The team, led by Dr David Cullen from Cranfield's Biotechnology Centre and Dr Mark Sims at the Space Research Centre at the University of Leicester, aim to investigate life on Mars by producing prototype advanced biomimetic sensors. These sensors are planned to fly on a future robotic Mars exploration.

The sensors use the nanotechnology of molecular imprinted polymers, where cavities in the polymer surface are moulded to fit a particular shape of molecule, to detect biologically produced compounds which may remain stable over millions of years.

The sensor development will take place at Cranfield with space environment testing at Leicester. The work utilises Prof. Bill Grant's expertise at the University of Leicester's Department of Microbiology and Immunology in the microbial ecology of extreme environments, in deciding which types of compounds should be sought out.

One group of microbes known as the Archaea live in extreme environments on Earth and are thought to be a good model of what life may be like on other planets. Such organisms are also thought to be able to hibernate over millions of years in the right kind of geological conditions.
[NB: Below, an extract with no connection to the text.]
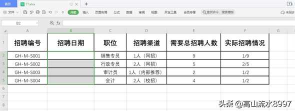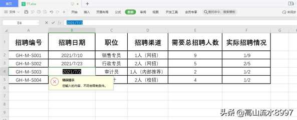 五、点击〖确定〗后,在表格中录入的招聘日期,只能在2021/7/5-2021/11/15范围内,若不在指定的日期期间,则表格录输入招聘日期后,就会弹出〖错误提示〗窗口,如图。

Although Mars today is a cold dry planet it was thought to have been very much like the early Earth soon after the formation of the solar system with potentially vast amounts of water and suitable chemistry and conditions for evolution of life.

In recent years, Mars has been of great interest following the NASA announcement in 1996 of possible evidence of life inside a meteorite that came from there. This work, although of a controversial nature, has highlighted the possibilities of life on Mars.

The planned work should allow the development of very small instruments i.e. 'laboratories-on-a-chip' to be built for future Mars missions reducing the size of instruments and leading to a more complete in-situ analysis of samples. Dr Mark Sims, who is also the Beagle 2 Mars Lander Mission Manager, believes "This kind of technology-driven development will represent a quantum leap in sensing biomolecules on another planet".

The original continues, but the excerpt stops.